FirstLast-L and FirstLast-LW are two synthetic tree databases constructed for classification purposes. Each database contains four classes, each class composed of 100 rooted ordered trees. FirstLast-L contains node-labeled trees and the set of possible node labels is {1,2,...,26}. FirstLast-LW contains the same trees found into FirstLast-L with weighted arcs. The peculiarity of these databases is that they contain trees which are neither characterized by the exact values of the degrees/labels of the nodes, nor by the exact values of the weights of the arcs. Rather, they are characterized by specific and non-trivial properties verified by the degrees/labels of the nodes, as well as the weights of the arcs. These properties are presented in Table 1 below. Beside the properties specified in that table, we must also precise that every tree t in these two databases verifies (0 < depth(t) <= 4). The names of the classes in these two databases are related to the degree and the node labels of the first (leftmost) and last (rightmost) children of every non-leaf node. The weight of the arc linking each node y to its father in FirstLast-LW is obtained from a computation involving the label of y and the label of its father, the computation scheme of the weight depends on the considered class. |
Table 1: Specific properties verified by each tree in FirstLast-L and FirstLast-LW. The expressions L(y) and F(y) respectively refer to the label and to the father of a node y.
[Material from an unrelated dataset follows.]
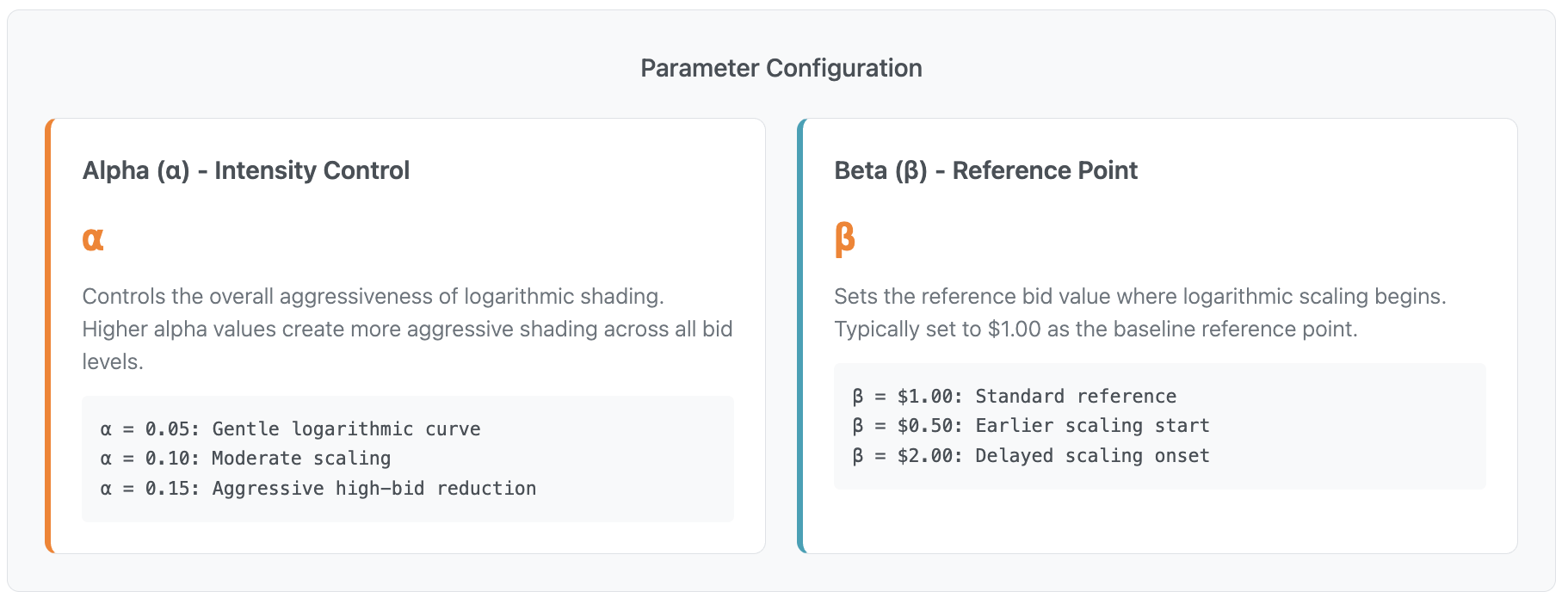 The logarithmic function creates a curve that increases rapidly at first but slows its rate of growth as values get larger. In bid shading context, this translates to minimal shading for low bids and progressively more aggressive reductions for higher bids. The two parameters, alpha (α) and beta (β), control the intensity and reference point of this logarithmic scaling.

Class name | Topology in FirstLast-L and FirstLast-LW | Labels in FirstLast-L and FirstLast-LW | Weights in FirstLast-LW |
---|---|---|---|
First | Every non-leaf node has at least 3 children among which only the first child is not a leaf. | The parity of the label of each non-leaf node is identical to the parity of the label of its first child, but different from the parity of the labels of its other children. | The weight of the arc linking each node y to its father is ⌈0.5×(L(F(y))+L(y))⌉ |
Last | Every non-leaf node has at least 3 children among which only the last child is not a leaf. | The parity of the label of each non-leaf node is identical to the parity of the label of its last child, but different from the parity of the labels of its other children. | The weight of the arc linking each node y to its father is ⌈ √(L(F(y))×L(y)) ⌉ |
Both | Every non-leaf node has at least 3 children among which only the first and the last children are not leaves. | The parity of the label of each non-leaf node is identical to the parity of the labels of its first and last children, but different from the parity of the labels of its other children. | The weight of the arc linking each node y to its father is |L(F(y))-L(y)|+1 |
None | Every non-leaf node has at least 3 children among which only the first and the last children are leaves. | The parity of the label of each non-leaf node is different from the parity of the labels of its first and last children, but identical to the parity of the labels of its other children. | The weight of the arc linking each node y to its father is ⌈Max(L(F(y)),L(y))/Min(L(F(y)),L(y))⌉ |
Figures 1 to 4 depict examples of node-labeled and arc-weighted trees verifying the properties presented in Table 1 for FirstLast-LW. The corresponding trees verifying the properties presented in Table 1 for FirstLast-L are obtained by ignoring the arc weights.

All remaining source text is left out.